Charities are not doing enough to demonstrate their public benefit, or explain how they spend their money, according to reviews of charity accounts, published today by the Charity Commission.
Charity trustees are under an important legal duty to publish a trustees’ annual report and accounts, by which they are accountable to the Commission and the public. The regulator has therefore carried out proactive scrutiny of charity accounts and trustees’ annual reports*, and assessed these against public expectations and public benefit reporting requirements.
Just 70% of trustees’ annual reports and accounts in the ‘Public reporting review’ met the Commission’s basic benchmark of user requirements, compared with last year’s 74%. The quality benchmark was based on recent research into trust in charities which found that ‘ensuring a reasonable proportion of donations make it to the end cause’ and ‘making a positive difference to the cause they work for’ were the most important factors driving public trust and confidence in charities.

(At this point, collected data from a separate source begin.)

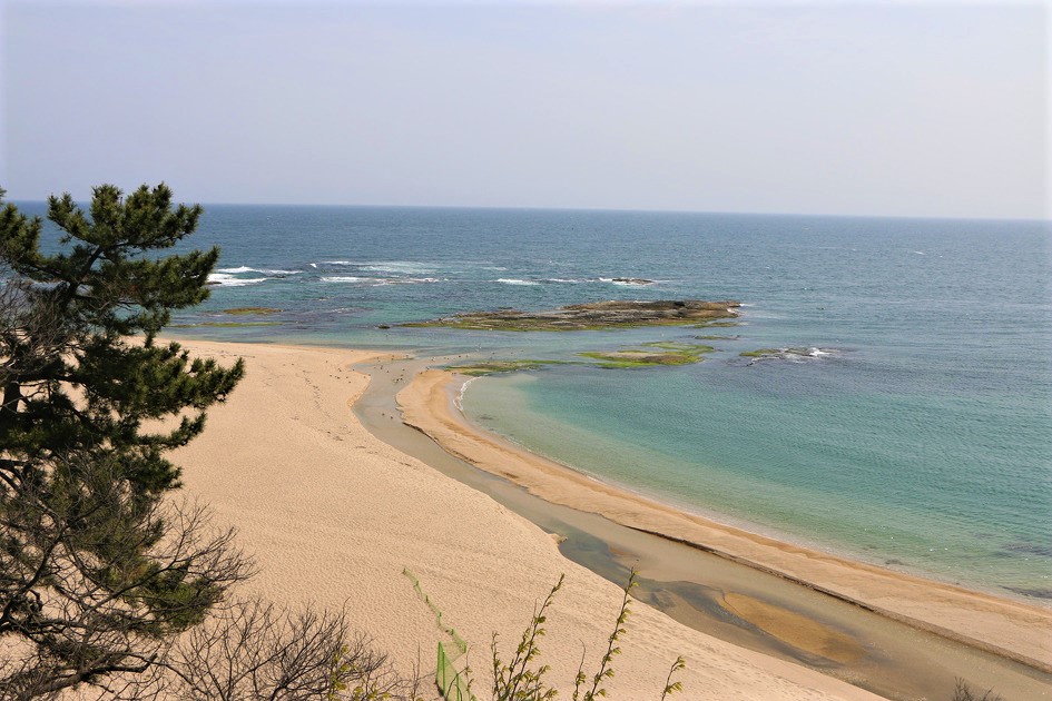 바다는 물깊이가 1~2m 내외다, 이곳의 모래는 '우는 모래' 라는 뜻으로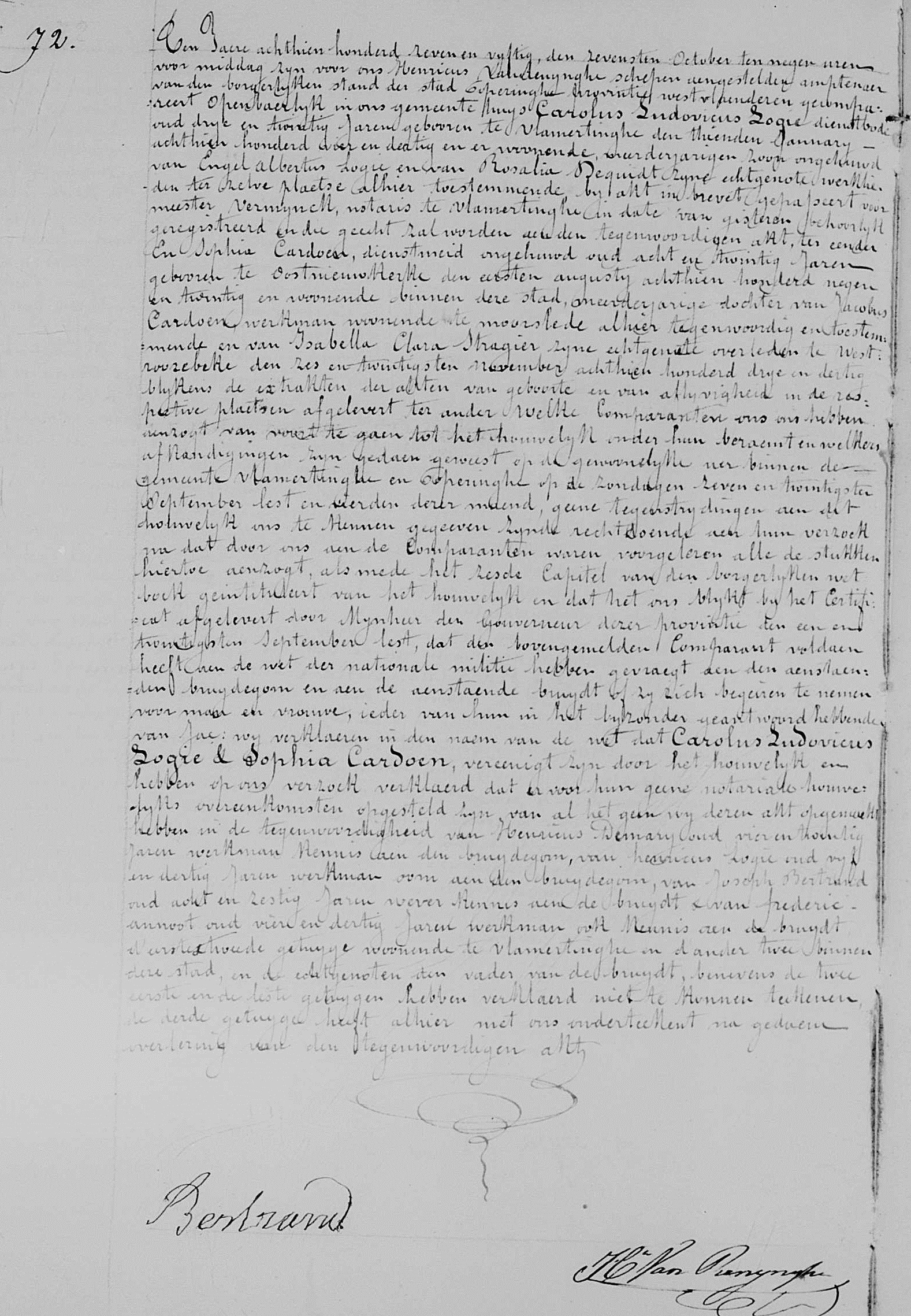 Poperinge, WV, BE: Huwelijksakte nr 72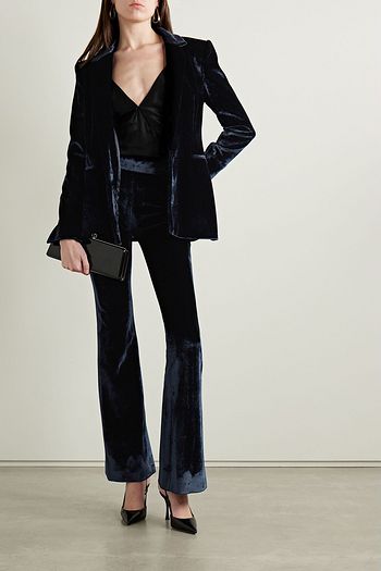 Double-breasted cotton-blend velvet blazer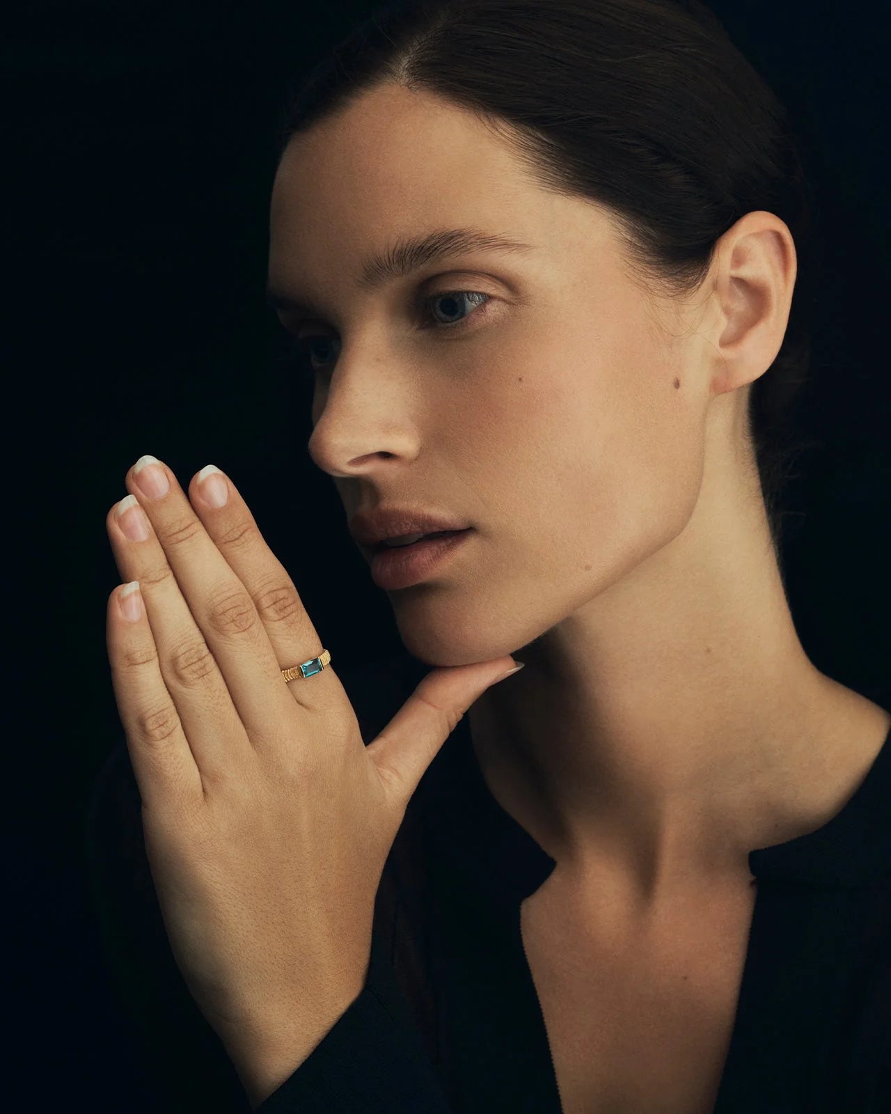 With its ridged band of 18k gold vermeil and baguette-cut London blue topaz, this solitaire dress ring is inspired by the sparkling blue waters and rugged coastline of its island namesake.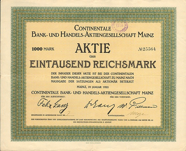 A-56972Continentale Bank – und Handels – Aktiengesellschaft Mainz-1Mainz19221 azione al portatore di 1.000 RM--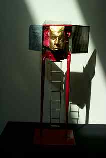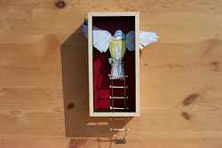 Privitt has been featured in several printed publications, including Sculpture: Technique, Form, Content by Art Williams (Worcester, MA: Davis Publications, 1988); and The California Art Review, edited by Les Krantz (Chicago: American References, Inc., 1989).(right: "Flee as a Bird" refers to an old church song written in a minor key. The "ladder" hanging below is made of bird bones,16 x 9.25 x 2.75 inches)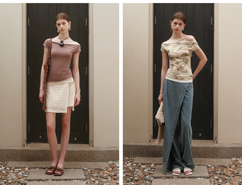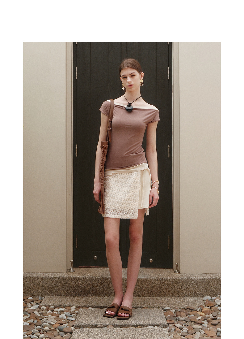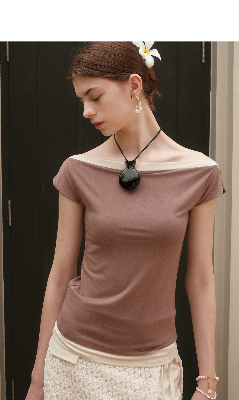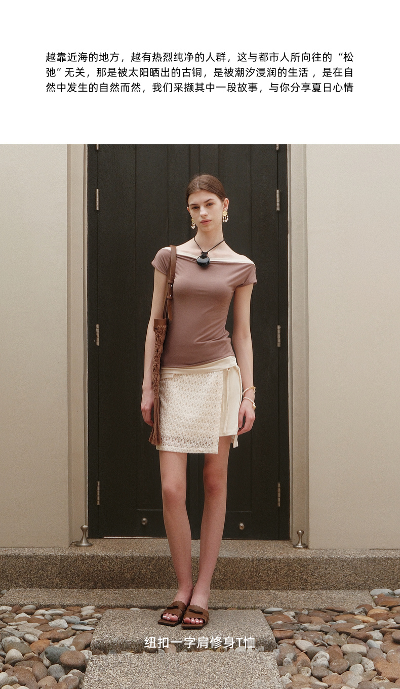 lost in echo2025夏季新款度假时尚纽扣一字肩透气短袖T恤上衣女
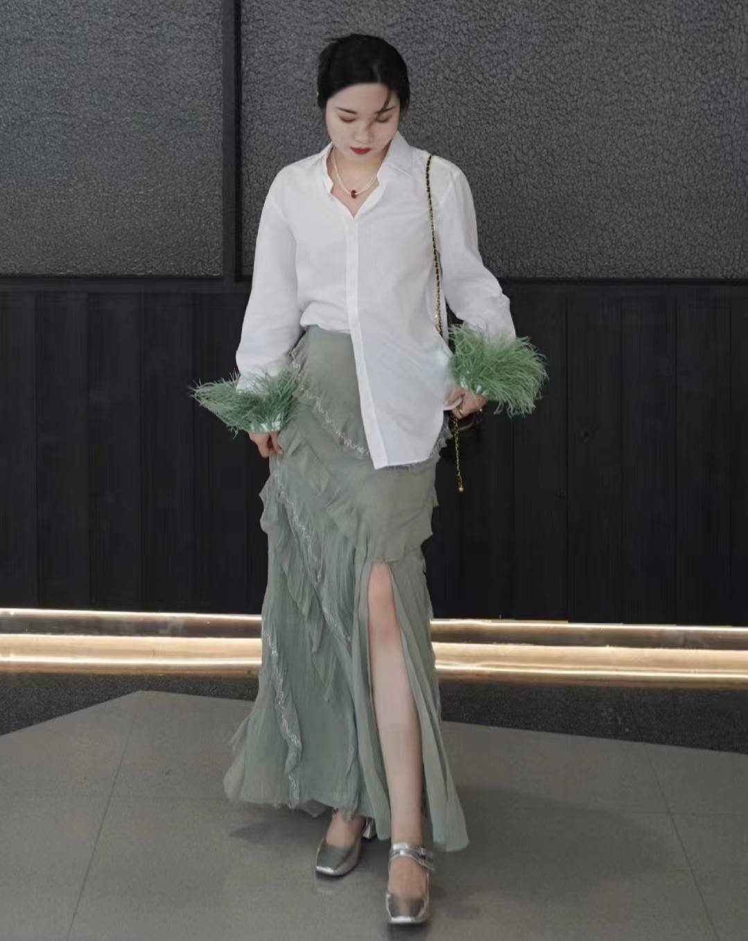 半身裙的长度可以根据个人身高选择,及膝或过膝的长度都是不错的选择。这样的穿搭既适合办公室也适合休闲场合。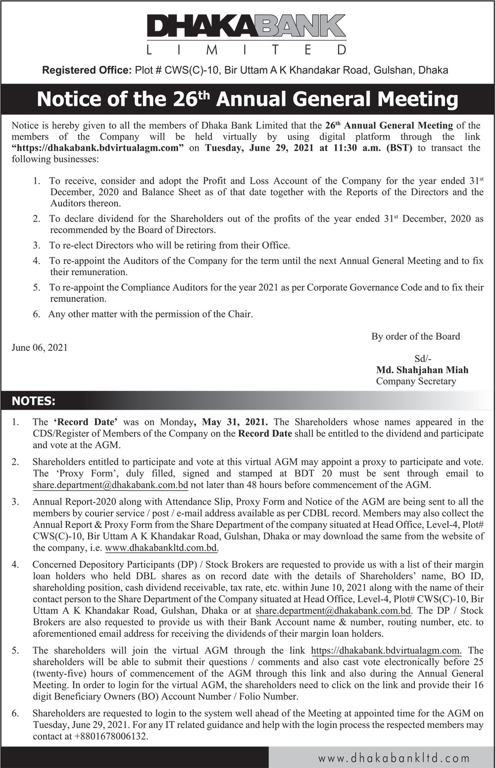Notice of the 26th Annual General Meeting of Dhaka Bank

The main reasons why charities’ accounts submissions did not meet the Commission’s basic benchmark were failure to evidence that their accounts had been subject to independent scrutiny by an auditor or independent examiner, as required by law, and/ or not providing meaningful information about their charity’s purposes or the activities carried out to achieve those purposes.
Just 52% of trustees’ annual reports in the ‘Public Benefit reporting’ review met the public benefit reporting requirements. Although this is a 1% increase on last year, trustees are still falling short on the requirements to explain activities undertaken by the charity to further its purposes for the public benefit, and to provide a ‘public benefit statement’.